Available records:
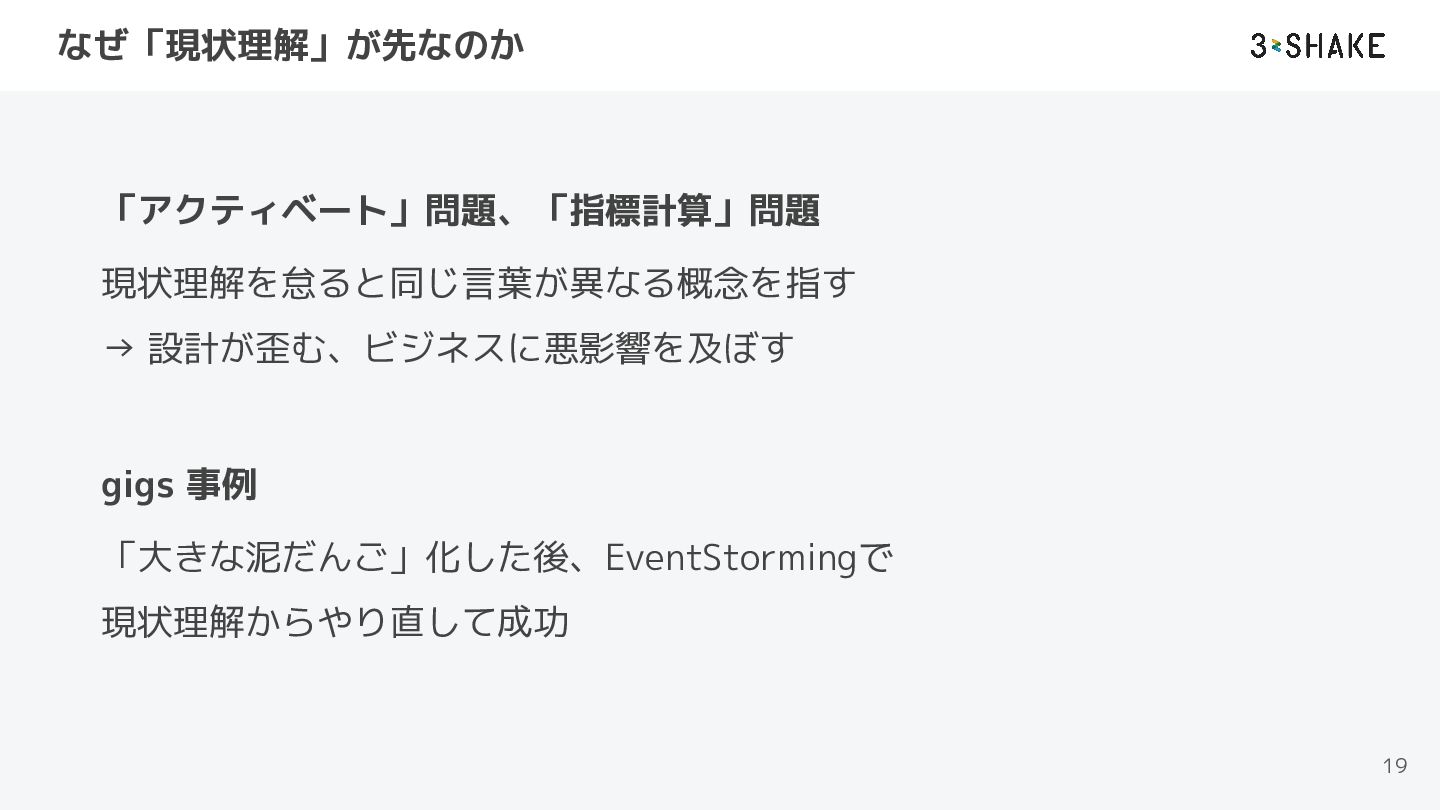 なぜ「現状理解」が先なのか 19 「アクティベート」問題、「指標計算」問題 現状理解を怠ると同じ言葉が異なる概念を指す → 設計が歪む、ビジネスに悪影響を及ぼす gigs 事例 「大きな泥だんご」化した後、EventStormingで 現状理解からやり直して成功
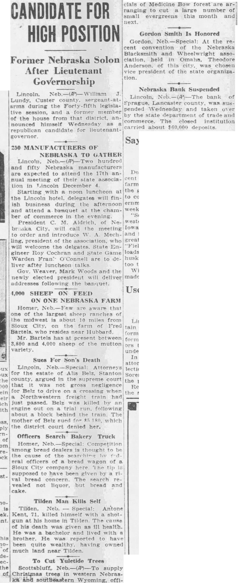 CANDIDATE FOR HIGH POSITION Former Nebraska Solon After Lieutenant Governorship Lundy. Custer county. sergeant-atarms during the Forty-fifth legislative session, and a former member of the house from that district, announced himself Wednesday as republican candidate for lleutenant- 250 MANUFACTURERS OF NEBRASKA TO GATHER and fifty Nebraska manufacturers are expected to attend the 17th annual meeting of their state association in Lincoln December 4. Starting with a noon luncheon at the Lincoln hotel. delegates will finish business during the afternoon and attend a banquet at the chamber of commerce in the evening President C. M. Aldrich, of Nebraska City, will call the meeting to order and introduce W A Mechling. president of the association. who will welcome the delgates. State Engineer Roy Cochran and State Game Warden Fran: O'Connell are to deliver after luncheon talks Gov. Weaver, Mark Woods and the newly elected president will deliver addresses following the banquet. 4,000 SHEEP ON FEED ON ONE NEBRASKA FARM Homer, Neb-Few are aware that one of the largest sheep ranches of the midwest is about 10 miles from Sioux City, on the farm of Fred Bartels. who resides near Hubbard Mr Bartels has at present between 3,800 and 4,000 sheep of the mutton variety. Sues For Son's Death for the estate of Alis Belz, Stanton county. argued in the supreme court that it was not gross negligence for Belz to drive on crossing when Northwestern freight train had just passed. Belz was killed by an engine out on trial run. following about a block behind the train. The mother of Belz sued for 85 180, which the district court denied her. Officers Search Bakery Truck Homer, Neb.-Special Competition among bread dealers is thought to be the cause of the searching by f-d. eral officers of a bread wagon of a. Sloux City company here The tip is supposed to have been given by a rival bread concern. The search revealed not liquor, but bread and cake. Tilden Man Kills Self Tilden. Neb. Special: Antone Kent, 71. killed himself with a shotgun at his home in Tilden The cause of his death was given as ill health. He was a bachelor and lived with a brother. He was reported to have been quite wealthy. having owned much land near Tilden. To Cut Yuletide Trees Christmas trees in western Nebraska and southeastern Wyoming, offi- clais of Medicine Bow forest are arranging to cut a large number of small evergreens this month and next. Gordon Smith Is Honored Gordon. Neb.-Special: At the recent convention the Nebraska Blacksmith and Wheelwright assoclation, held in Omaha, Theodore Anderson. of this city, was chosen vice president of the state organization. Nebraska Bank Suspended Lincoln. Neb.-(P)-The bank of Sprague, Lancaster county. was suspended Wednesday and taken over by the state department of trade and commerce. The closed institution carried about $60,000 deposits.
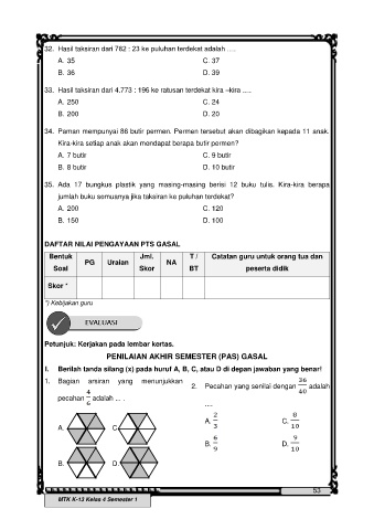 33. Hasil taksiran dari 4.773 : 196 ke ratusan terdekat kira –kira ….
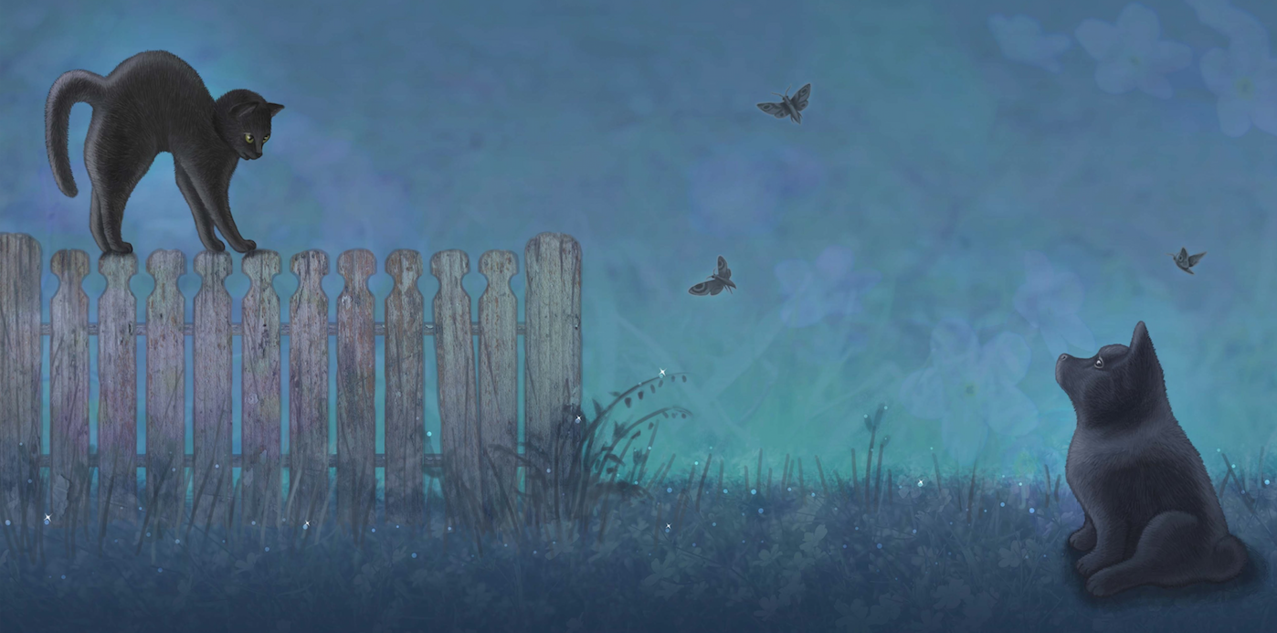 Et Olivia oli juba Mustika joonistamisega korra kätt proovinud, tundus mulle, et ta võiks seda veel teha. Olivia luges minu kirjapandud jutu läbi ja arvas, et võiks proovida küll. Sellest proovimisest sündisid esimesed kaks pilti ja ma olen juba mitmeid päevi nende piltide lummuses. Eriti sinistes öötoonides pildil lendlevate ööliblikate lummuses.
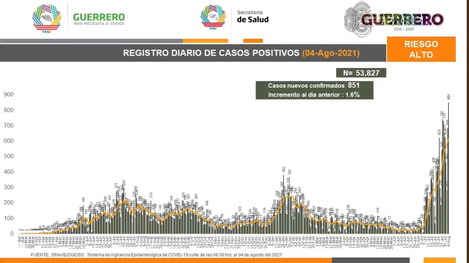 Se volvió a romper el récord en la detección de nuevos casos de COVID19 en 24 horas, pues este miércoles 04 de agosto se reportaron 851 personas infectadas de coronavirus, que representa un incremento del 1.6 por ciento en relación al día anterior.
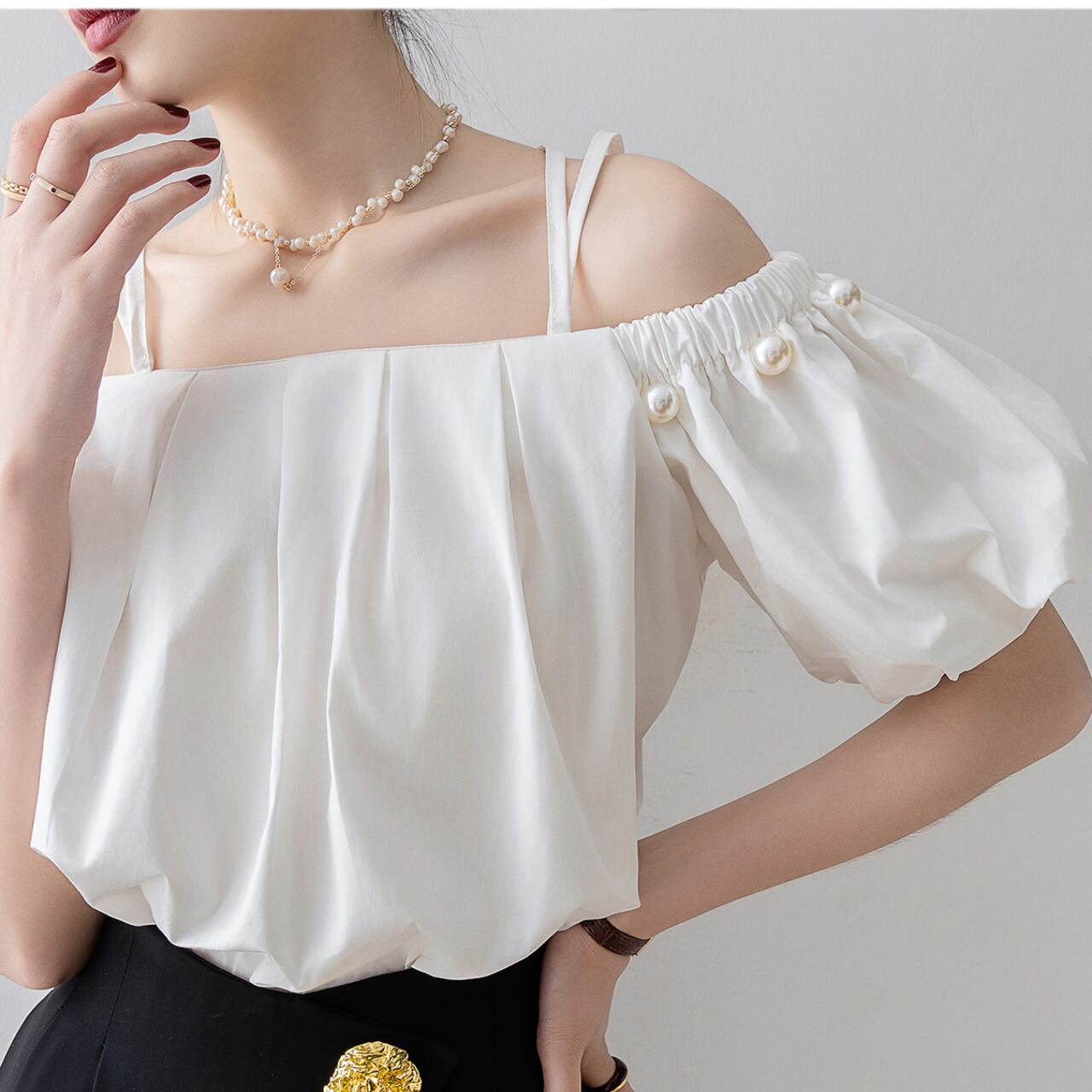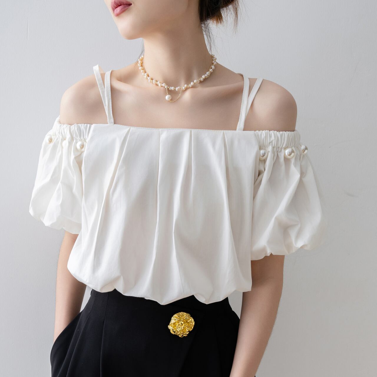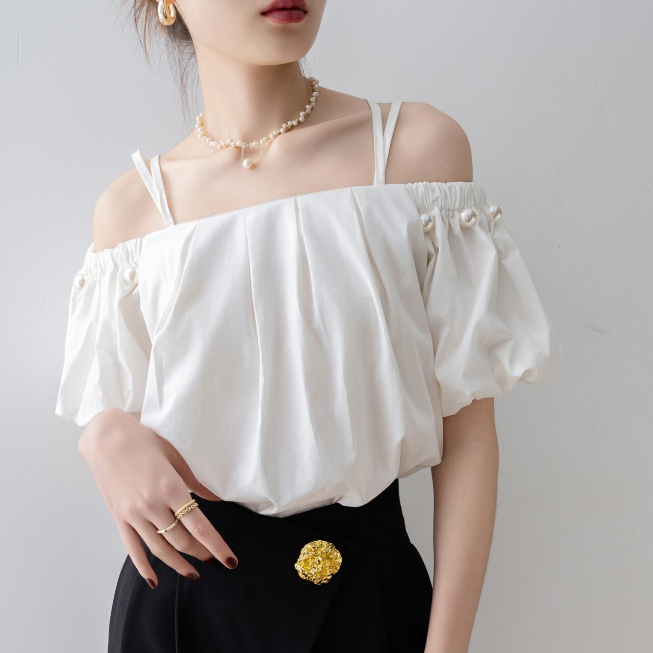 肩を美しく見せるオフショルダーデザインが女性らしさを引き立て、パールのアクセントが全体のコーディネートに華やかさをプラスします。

What the exercise asks:
Word for word, reproduce each line from the one with "Se volvió a" through the last line of the material above, both included, and drop the pictures.

Worked solution:
 Se volvió a romper el récord en la detección de nuevos casos de COVID19 en 24 horas, pues este miércoles 04 de agosto se reportaron 851 personas infectadas de coronavirus, que representa un incremento del 1.6 por ciento en relación al día anterior.
 肩を美しく見せるオフショルダーデザインが女性らしさを引き立て、パールのアクセントが全体のコーディネートに華やかさをプラスします。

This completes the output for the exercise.